__TASK BRIEF__
Report the lines of the data below that contain the string "đồng".

__MATERIAL FOR THE TASK__
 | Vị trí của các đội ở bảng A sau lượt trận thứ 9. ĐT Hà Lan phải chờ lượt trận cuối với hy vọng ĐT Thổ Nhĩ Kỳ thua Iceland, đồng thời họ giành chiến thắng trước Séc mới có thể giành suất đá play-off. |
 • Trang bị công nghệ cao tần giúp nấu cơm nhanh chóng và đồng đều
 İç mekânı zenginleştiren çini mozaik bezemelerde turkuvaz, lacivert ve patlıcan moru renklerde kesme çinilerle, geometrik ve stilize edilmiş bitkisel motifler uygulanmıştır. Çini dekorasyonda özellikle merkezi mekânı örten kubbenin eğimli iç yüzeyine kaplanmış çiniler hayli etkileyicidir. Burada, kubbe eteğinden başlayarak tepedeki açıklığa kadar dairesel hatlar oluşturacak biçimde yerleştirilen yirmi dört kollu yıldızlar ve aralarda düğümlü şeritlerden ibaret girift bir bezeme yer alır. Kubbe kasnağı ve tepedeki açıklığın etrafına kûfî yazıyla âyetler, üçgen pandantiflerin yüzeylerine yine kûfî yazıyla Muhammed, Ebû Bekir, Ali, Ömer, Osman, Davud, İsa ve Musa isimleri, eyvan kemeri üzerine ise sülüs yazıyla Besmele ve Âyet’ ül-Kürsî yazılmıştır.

* * *

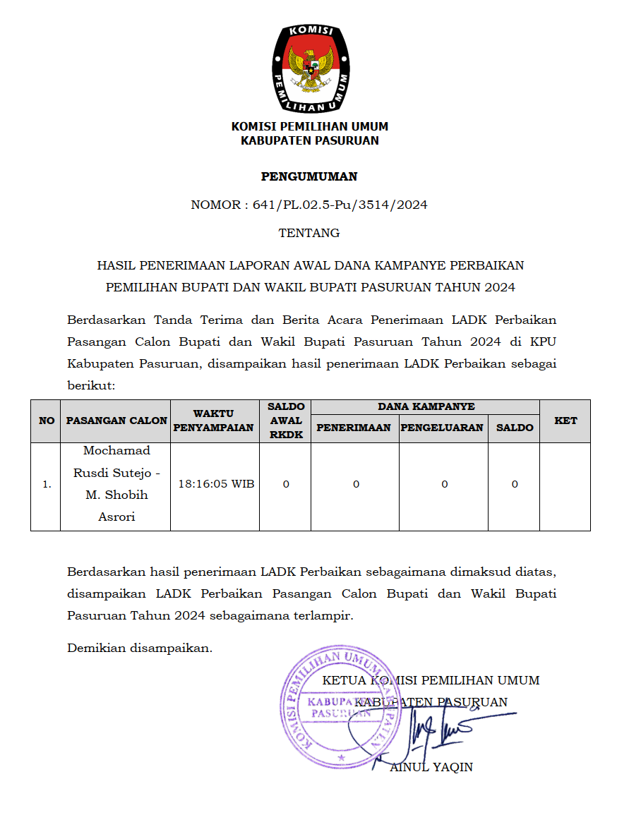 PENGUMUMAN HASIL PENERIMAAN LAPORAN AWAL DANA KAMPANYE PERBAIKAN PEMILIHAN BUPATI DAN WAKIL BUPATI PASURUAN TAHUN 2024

__OUTPUT FOR THIS TASK__
 | Vị trí của các đội ở bảng A sau lượt trận thứ 9. ĐT Hà Lan phải chờ lượt trận cuối với hy vọng ĐT Thổ Nhĩ Kỳ thua Iceland, đồng thời họ giành chiến thắng trước Séc mới có thể giành suất đá play-off. |
 • Trang bị công nghệ cao tần giúp nấu cơm nhanh chóng và đồng đều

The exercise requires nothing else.